Clustering is an important tool in data analysis, with K-means being popular for its simplicity and versatility. However, it cannot handle non-linearly separable clusters. Kernel K-means addresses this limitation but requires a large kernel matrix, making it computationally and memory intensive. Prior work has accelerated Kernel K-means by formulating it using sparse linear algebra primitives and implementing it on a single GPU. However, that approach cannot run on datasets with more than approximately 80,000 samples due to limited GPU memory. In this work, we address this issue by presenting a suite of distributed-memory parallel algorithms for large-scale Kernel K-means clustering on multi-GPU systems. Our approach maps the most computationally expensive components of Kernel K-means onto communication-efficient distributed linear algebra primitives uniquely tailored for Kernel K-means, enabling highly scalable implementations that efficiently cluster million-scale datasets. Central to our work is the design of partitioning schemes that enable communication-efficient composition of the linear algebra primitives that appear in Kernel K-means. Our 1.5D algorithm consistently achieves the highest performance, enabling Kernel K-means to scale to data one to two orders of magnitude larger than previously practical. On 256 GPUs, it achieves a geometric mean weak scaling efficiency of $79.7\%$ and a geometric mean strong scaling speedup of $4.2\times$. Compared to our 1D algorithm, the 1.5D approach achieves up to a $3.6\times$ speedup on 256 GPUs and reduces clustering time from over an hour to under two seconds relative to a single-GPU sliding window implementation. Our results show that distributed algorithms designed with application-specific linear algebraic formulations can achieve substantial performance improvement.

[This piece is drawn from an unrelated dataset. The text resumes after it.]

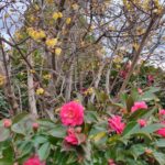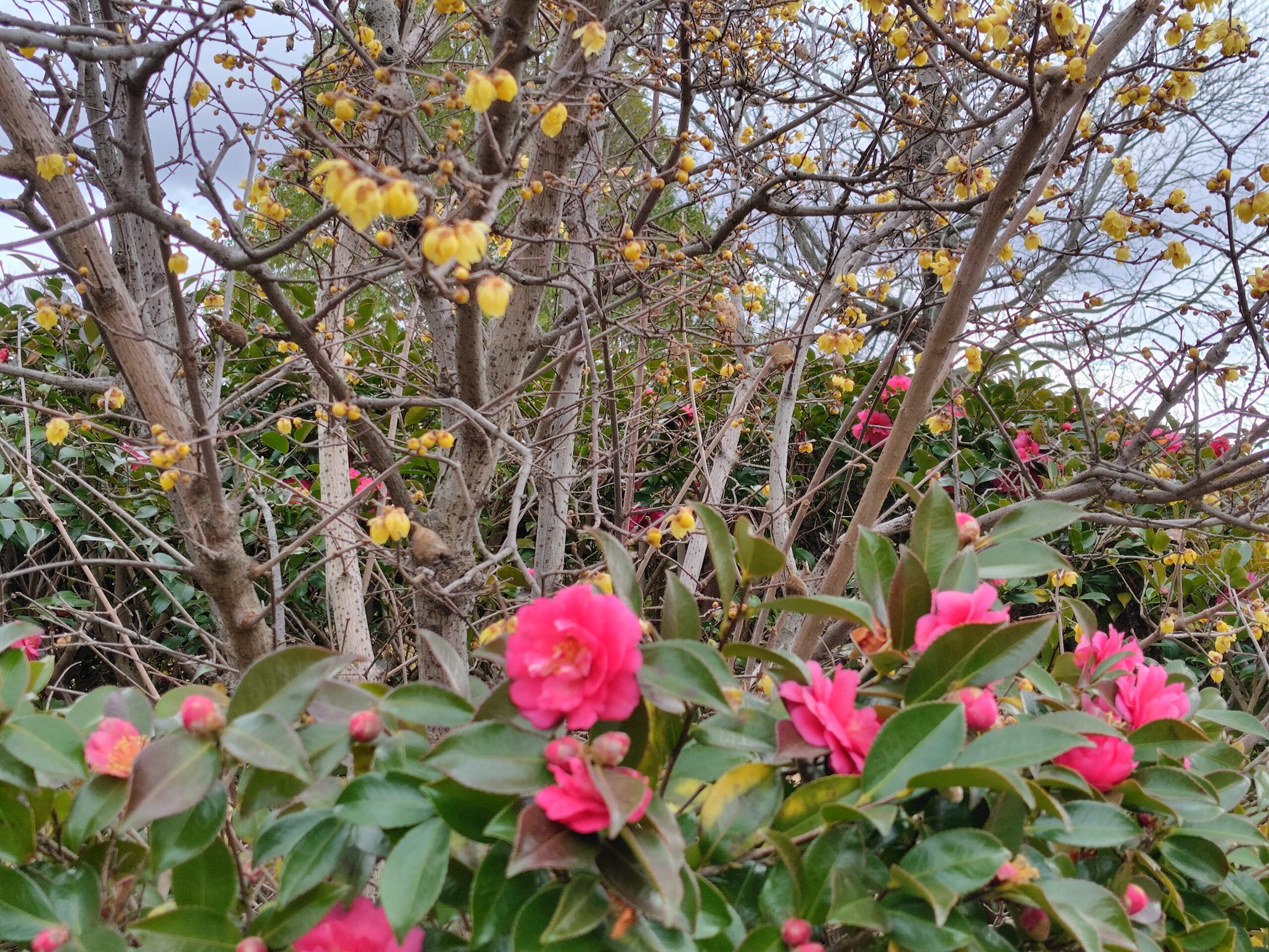 蝋梅の足元にはサザンカが ! 綺麗だね 蝋梅のアマイ香りも満喫

翻译：聚类是数据分析中的重要工具，其中K均值算法因其简洁性和通用性而广受欢迎。然而，该方法无法处理非线性可分的聚类簇。核K均值算法解决了这一局限性，但需要构建庞大的核矩阵，导致计算和内存开销巨大。先前的研究通过将核K均值表述为稀疏线性代数原语并在单GPU上实现，加速了该算法。然而，由于GPU内存限制，该方法无法处理超过约80,000个样本的数据集。本研究通过提出一套面向多GPU系统的分布式内存并行算法，解决了大规模核K均值聚类的扩展性问题。我们的方法将核K均值中计算代价最高的组件映射到专为核K均值定制的通信高效分布式线性代数原语上，实现了可高效处理百万级数据集的强可扩展性方案。本工作的核心在于设计了支持核K均值中线性代数原语通信高效组合的数据划分方案。我们提出的1.5D算法始终保持着最优性能，使核K均值能够处理比以往方法大一到两个数量级的数据。在256个GPU上，该算法实现了79.7%的几何平均弱扩展效率与4.2倍的几何平均强扩展加速比。相较于我们的一维算法，1.5D方法在256个GPU上最高可获得3.6倍的加速，并将聚类时间从单GPU滑动窗口实现的超过一小时缩短至两秒以内。实验结果表明，采用面向特定应用的线性代数表述设计的分布式算法能够实现显著的性能提升。